As stated last week, there are certain things you can never talk too early about: beer fests, three-day weekends, college football playoffs … things of that nature. The regular season is the playoffs. It’s cliche, but that doesn’t make it any less real.

We started with week one last week, and here we are in week two. As a reminder, if your team isn’t on here, it isn’t because I hate it. Maybe you just need to send me more money. Kidding. Sort of.

*

5. LSU

Playing in Starkville to basically open your season (their game against McNeese State in week 1 was cancelled) seems like the exact opposite of what LSU was thinking when it scheduled a “come over for a flogging and I’ll pay you handsomely” tilt in week one.

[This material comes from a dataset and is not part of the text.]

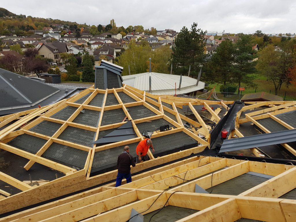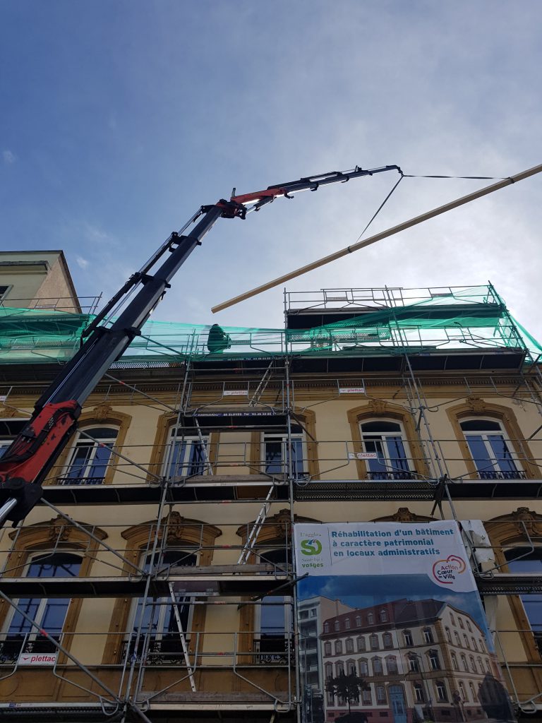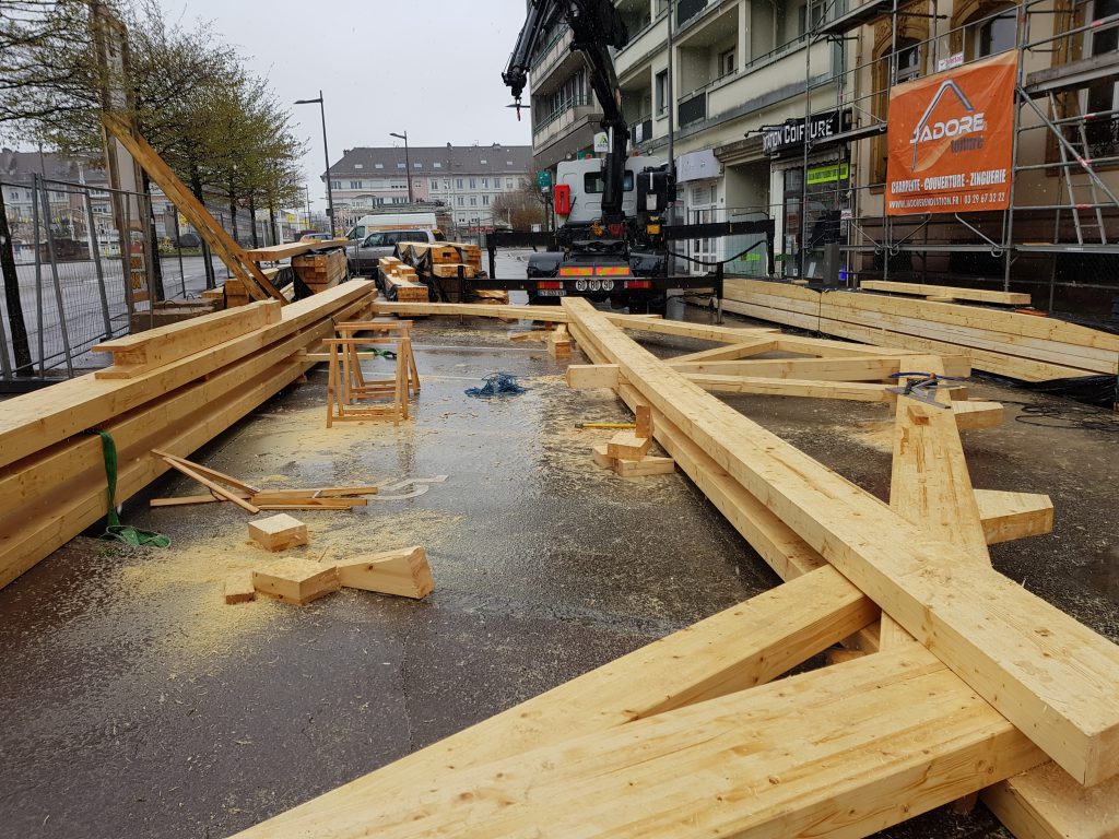 Nous travaillons à partir de bois issu des forêts vosgiennes principalement. Nous taillons et assemblons tous les matériaux dans nos ateliers situés à Evaux et Ménil. Ensuite, ces éléments sont approvisionnés sur votre chantier par nos camions et grutiers selon l’ampleur du travail à réaliser

The Bulldogs mounted a scathing rally to come within three of winning, two of the tie, but in the end it wasn’t meant to be. In spite of being outscored 16-7 in the second half, there are no such things as bad road wins. LSU will need to find more non-Leonard Fournette related offense, but that’s a worry for another day.

4. UCLA

UCLA moves up the ladder not so much because it came onto UNLV’s hedges and trimmed them bare, down to the twigs, but because the Bruins saw BYU win and will obtain a major feather in their cap if they can win that game next week. Free advice to Jim Mora, Jr.: be up by at least 9 when BYU gets its final possession.

Quarterback Josh Rosen and running back Paul Perkins have highlighted the first two games, but when it comes down to it and you’re parsing betwixt which 1 or 2-loss teams may deserve to be in over others, games against teams like BYU can tilt the balance of opinion one way. Of course, that’s the easy part. The hard part is actually killing off …

3. BYU

Tanner Mangum sounds like the real-life name of some hipster Marvel Comics villain. In real life, though, he plays quarterback for Vampire BYU, which never actually dies. Riding their second straight Hail Emma Smith in a win this time over Boise State, the Cougarrs have thrust themselves into:

1. lore;

2. more importantly, a national conversation that will only continue and make the CFB Playoff committee uncomfortable the more they keep winning.

They still have games against Michigan (gasp, bad thoughts of Hail Marys in the Big House), UCLA, and Missouri to enhance their resume and give a feel of where they are versus a variety of Power 5 conference contenders.

2. Temple

This marks the first time in my life I’ve written anything about Temple football. One week after outclassing Penn State (which, in its own right, still doesn’t look totally above the weather), they Owls dusted off Cincinnati rather handily (despite the Bearcats’ late rally) and find themselves being a legitimate focus of New Year’s Six bowl discussions. To get anywhere, they will probably have to be unbeaten, but their defense has been hell-raising two weeks in, and you can’t go unbeaten without winning the first two games on your schedule.

1. Michigan State

Sparty was the big winner this week, using defense to fend off Oregon in a high-profile top-7 battle that will endure in importance. When it comes down to … say … a 1-loss MSU or a 1-loss Oregon, this is a big skin to have on the wall. The Spartans will root for the Ducks from here on out. You figure if you lose a game, that means the other team probably needs two losses more than you if you’re going to jump them. This is the most important non-conference win to date for any team in the country, much like the long-lasting ramifications of Oregon’s win over MSU last year carried weight in December when decisions had to be made about playoff slots.